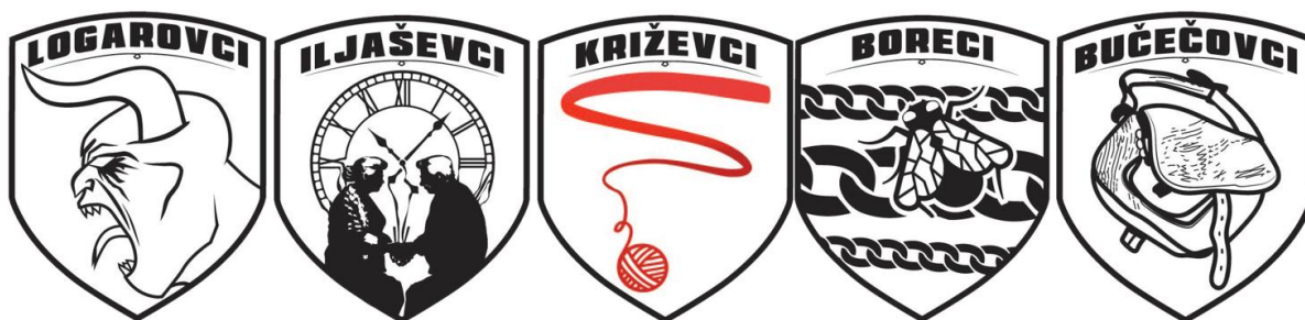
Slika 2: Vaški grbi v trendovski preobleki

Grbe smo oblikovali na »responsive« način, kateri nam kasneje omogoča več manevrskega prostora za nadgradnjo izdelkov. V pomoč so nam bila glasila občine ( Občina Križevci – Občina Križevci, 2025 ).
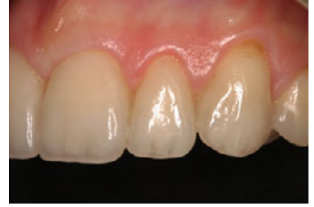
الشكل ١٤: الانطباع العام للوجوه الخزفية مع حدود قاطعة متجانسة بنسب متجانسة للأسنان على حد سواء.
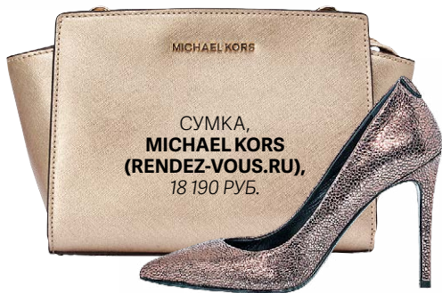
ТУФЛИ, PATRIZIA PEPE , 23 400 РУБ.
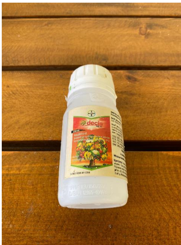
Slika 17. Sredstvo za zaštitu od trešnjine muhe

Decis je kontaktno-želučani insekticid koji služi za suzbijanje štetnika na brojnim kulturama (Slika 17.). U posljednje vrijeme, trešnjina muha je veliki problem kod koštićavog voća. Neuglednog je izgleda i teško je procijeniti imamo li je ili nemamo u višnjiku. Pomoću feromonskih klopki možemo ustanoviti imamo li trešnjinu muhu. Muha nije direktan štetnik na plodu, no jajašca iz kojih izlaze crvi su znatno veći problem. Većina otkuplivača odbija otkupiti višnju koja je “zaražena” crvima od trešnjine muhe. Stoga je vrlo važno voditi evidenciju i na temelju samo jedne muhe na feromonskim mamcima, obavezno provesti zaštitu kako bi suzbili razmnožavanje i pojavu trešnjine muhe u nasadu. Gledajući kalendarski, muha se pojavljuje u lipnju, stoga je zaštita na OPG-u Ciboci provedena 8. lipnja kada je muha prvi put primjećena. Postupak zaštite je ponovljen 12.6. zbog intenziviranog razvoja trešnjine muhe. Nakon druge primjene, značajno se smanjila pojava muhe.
...
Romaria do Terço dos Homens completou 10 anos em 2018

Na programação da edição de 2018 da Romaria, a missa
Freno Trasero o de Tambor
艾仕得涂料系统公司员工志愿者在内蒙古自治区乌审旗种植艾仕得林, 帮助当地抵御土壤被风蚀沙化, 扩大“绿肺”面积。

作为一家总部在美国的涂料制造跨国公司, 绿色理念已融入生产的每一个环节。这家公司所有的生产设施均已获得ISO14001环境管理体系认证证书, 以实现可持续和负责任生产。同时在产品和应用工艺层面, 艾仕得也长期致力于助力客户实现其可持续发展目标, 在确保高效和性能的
==
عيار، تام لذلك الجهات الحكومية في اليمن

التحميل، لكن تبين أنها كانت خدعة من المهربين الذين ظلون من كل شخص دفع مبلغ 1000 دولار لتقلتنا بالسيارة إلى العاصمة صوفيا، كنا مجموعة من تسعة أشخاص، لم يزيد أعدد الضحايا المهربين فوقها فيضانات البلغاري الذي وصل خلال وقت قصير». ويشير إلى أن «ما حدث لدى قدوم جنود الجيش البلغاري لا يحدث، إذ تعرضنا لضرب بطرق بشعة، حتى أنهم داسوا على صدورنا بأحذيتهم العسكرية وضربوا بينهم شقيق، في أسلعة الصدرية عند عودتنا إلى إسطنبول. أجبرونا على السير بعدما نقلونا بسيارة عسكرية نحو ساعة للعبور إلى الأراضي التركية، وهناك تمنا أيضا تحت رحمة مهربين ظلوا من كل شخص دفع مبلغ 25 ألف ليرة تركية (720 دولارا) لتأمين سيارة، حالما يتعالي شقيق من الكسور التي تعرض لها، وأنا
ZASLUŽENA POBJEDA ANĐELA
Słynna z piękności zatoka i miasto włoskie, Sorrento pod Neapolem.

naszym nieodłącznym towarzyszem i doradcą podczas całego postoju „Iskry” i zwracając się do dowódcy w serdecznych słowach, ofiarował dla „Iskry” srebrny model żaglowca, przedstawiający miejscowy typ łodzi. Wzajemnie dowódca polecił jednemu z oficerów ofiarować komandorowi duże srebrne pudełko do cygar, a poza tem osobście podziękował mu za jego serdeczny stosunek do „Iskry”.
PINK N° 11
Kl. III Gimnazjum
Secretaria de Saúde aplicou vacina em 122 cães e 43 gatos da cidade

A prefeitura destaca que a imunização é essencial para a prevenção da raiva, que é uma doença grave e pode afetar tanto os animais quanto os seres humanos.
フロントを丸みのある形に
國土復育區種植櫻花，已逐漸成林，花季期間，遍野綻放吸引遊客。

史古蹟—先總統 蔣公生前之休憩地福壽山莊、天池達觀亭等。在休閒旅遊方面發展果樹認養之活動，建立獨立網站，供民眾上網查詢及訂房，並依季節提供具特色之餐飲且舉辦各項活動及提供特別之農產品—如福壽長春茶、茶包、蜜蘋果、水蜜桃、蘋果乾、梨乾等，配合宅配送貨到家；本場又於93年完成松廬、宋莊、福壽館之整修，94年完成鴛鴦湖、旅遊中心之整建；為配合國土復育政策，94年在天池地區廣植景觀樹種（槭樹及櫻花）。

- What is expected: Among the entries above, the line containing "國土復育區種植櫻花，已逐漸成林，花季期間，遍野綻放吸引遊客。", the line containing "史古蹟—先總統 蔣公生前之休", and all lines between them are to be restated word for word; nothing else belongs in the reply.

- Expected output:
國土復育區種植櫻花，已逐漸成林，花季期間，遍野綻放吸引遊客。

史古蹟—先總統 蔣公生前之休憩地福壽山莊、天池達觀亭等。在休閒旅遊方面發展果樹認養之活動，建立獨立網站，供民眾上網查詢及訂房，並依季節提供具特色之餐飲且舉辦各項活動及提供特別之農產品—如福壽長春茶、茶包、蜜蘋果、水蜜桃、蘋果乾、梨乾等，配合宅配送貨到家；本場又於93年完成松廬、宋莊、福壽館之整修，94年完成鴛鴦湖、旅遊中心之整建；為配合國土復育政策，94年在天池地區廣植景觀樹種（槭樹及櫻花）。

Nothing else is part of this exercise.